Fall is such a fun time of year to cozy up by the fire, watch movies and spend some extra time with our loved ones. One of my favorite fall-inspired recipes has been this hearty vegetable soup I made last night for our family. We followed it up with this health-ified pumpkin pie recipes! All the same great flavors, but 1/2 the calories – no kidding! One traditional slice of pumpkin pie from Cheesecake Factory has about 45g of fat, 63g carbs and 11g protein for a whopping 700 calories. Yikes!
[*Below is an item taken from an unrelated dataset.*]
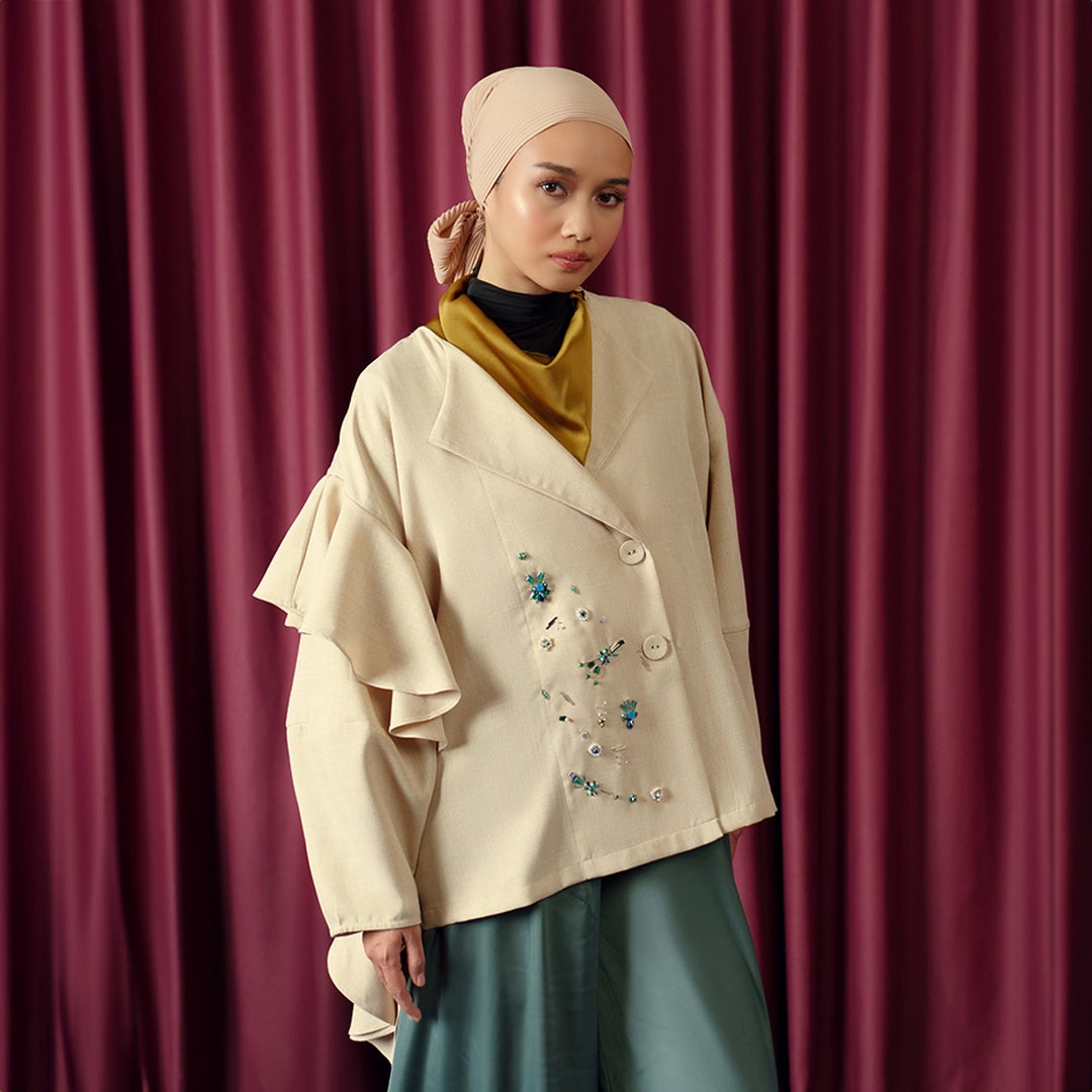 Danisha Outer, a versatile piece that effortlessly transitions from jacket to open-style top. Crafted from a fine, breathable fabric, this outer is comfortable for all seasons. Elevate your look with its delicate ruffles and embellishments. This timeless piece is perfect for adding a touch of chic to any outfit.

You won’t want to miss out on this healthy pumpkin pie this year!
 
Ingredients for Pie Crust:
  • 1 C quick-cooking rolled oats
  • 1 C whole-wheat flour
  • ¼ C ground raw almonds
  • 3 TBSP. coconut oil
  • 1 TBSP. lite maple syrup (this is the brand I use)
  • 1 TBSP. water
  • ¼ tsp. sea salt
Ingredients for Pumpkin Pie:
  • 1-15 oz. can pumpkin puree
  • 2 large eggs, lightly beaten
  • 3 TBSP. coconut oil
  • ¼ cup lite maple syrup
  • 1 tsp. pure vanilla extract
  • ½ tsp. ground cinnamon
  • ¼ tsp. ground nutmeg
  • ¼ tsp. sea salt
 
Directions for pie crust:
  1. Preheat oven to 425° F.
  2. Combine oats, flour, almonds, maple syrup, and salt in a medium mixing bowl, mix well.
  3. Add oil to oat mixture, mix well.
  4. Press into a 9-inch pie pan. Bake for 8 to 10 minutes, or until light brown.
Directions for Pie:
  1. Reduce oven temperature to 350° F.
  2. Combine pumpkin, eggs, vanilla, and maple syrup in a medium bowl, mix well.
  3. Add cinnamon, nutmeg, salt, and milk; mix until just blended.
  4. Pour pumpkin mixture into prepared pie crust. Bake for 45 to 60 minutes or until a knife inserted in the center comes out clean.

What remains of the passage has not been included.